What Are One-Off Campaigns and Do They Work?
Are You Capitalizing on Your Marketing Efforts or Simply Running Meaningless Campaigns?
If you work in marketing you aspire to develop well-though campaigns that have a clear persona and goal attached to them and ultimately… ensure revenue. But how real is that? How many marketing departments have started with a well-developed plan and have stick to it till the end?
It is not uncommon for marketing departments to be reactionary, to get overwhelmed with requests from sales, customer success, and other departments. This is only natural as Marketing’s responsibilities go beyond finding new leads. Marketing prospects raise brand awareness, advocates customer success and loyalty, and it also answers many other ad-hoc tasks. This often leads to marketing plans put in the backburner to open the way for opportunistic initiatives that result in one-off campaigns. In some cases, one after the other.
What are one-off campaigns?
One-off campaigns are the ones that serve one purpose and have no continuity or clear place in the marketing plan. These initiatives could fit anytime, most of the time. The best example is a celebratory day where you may run an event, webinar, email push, or social media initiative around a day that is relevant for your business such as Autism awareness day, for a care company.
Don’t get me wrong, many of these campaigns are great as they leverage common awareness on a topic, but they can become meaningless.
Recently for International Women’s day on Monday 8th of March, businesses across the world jumped on social media with posts, quotes, and posters on diversity in the workplace; women’s achievements, and other related buzz words.
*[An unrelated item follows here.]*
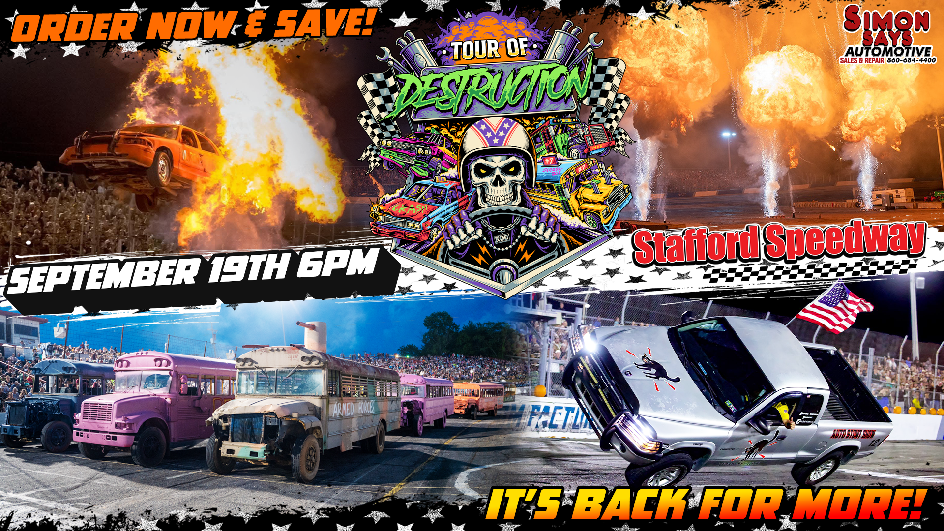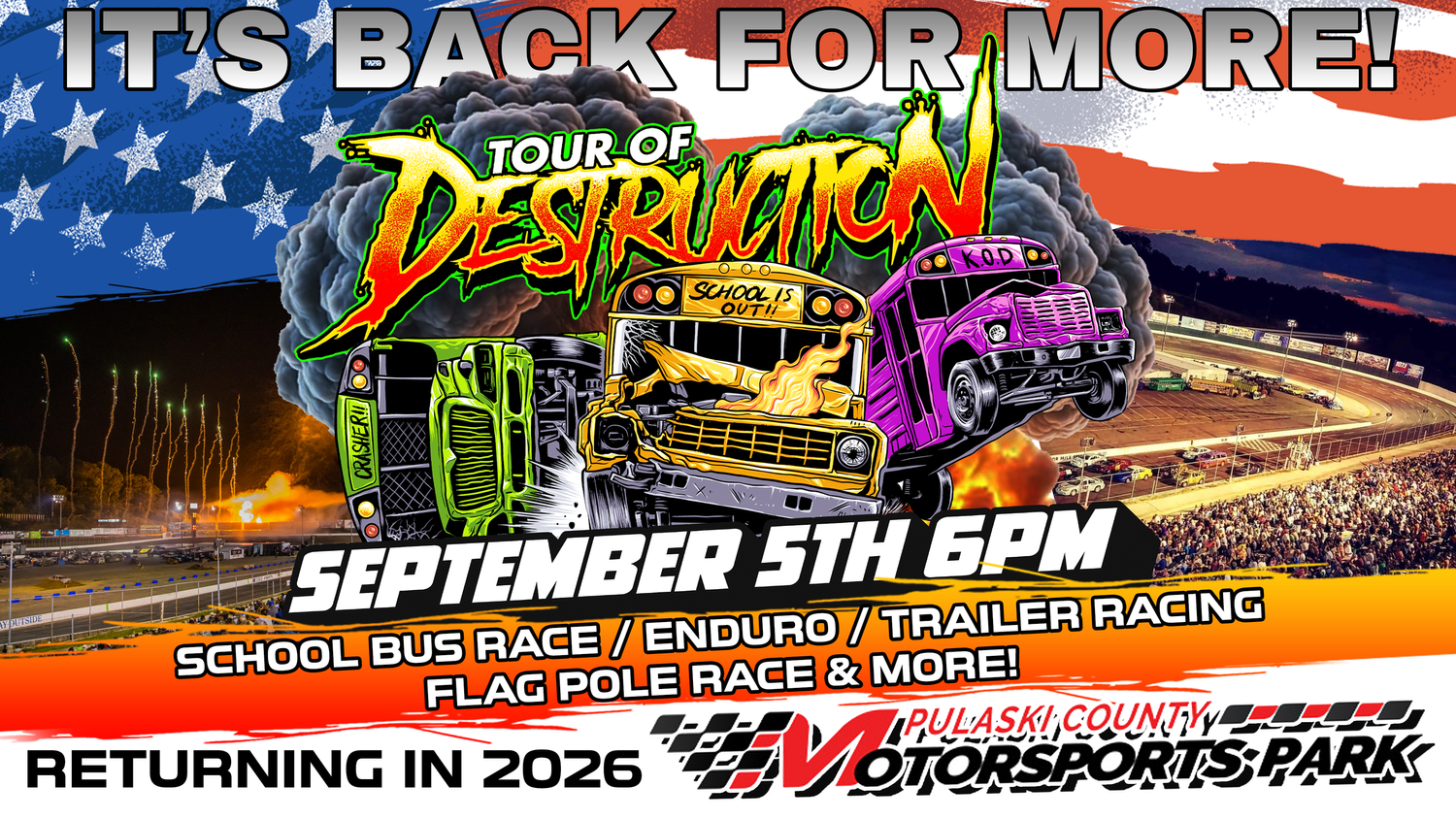 SCHOOL BUS FIGURE 8 RACE, LIGHTS OUT ENDURO, HALLOWEEN HEARSE RACE, TRAILER RACE, STUNTS & SO MUCH MORE DESTRUCTION!

The noise soon stopped once the day was finished. Although the push to discuss company diversity or raising women’s profile to C-suite roles is relevant in today’s society, a one-off campaign can do more harm than good by diluting ongoing efforts to address these topics with planned campaigns that focus on real change and measurable results.
One-off vs planned campaigns. Who wins?
In many of my past roles, I’ve seen well-designed campaigns and marketing plans get a “‘pat in the back” and never see the light of day and in many cases because there isn’t the time to focus on this in-between one-offs. One-offs can be the “make it or break it” of a quarter-end and a great way to drive those numbers, but when reverting to one-offs how much of your long-term goals and strategies could you be compromising?
When deciding on whether to choose a one-off vs a planned strategic campaign don’t forget the long-term goals, even though your one-off might be focusing on immediate goals. Are these in alignment? What is the compromise?
Sales discount campaigns are a flagrant example. These are often designed to achieve quarter deadline goals (immediate goals). Although this could be a great way to ensure revenue in a limited time, it is important to understand how will this affect long-term strategies. Ask yourself: Is there a better time to run this campaign? Would another time yield better results? And can the business afford to gain new customers out of a discount and still ensure these become loyal in the future?
Understanding the implications is not just a “good to know”, but a “must-know”.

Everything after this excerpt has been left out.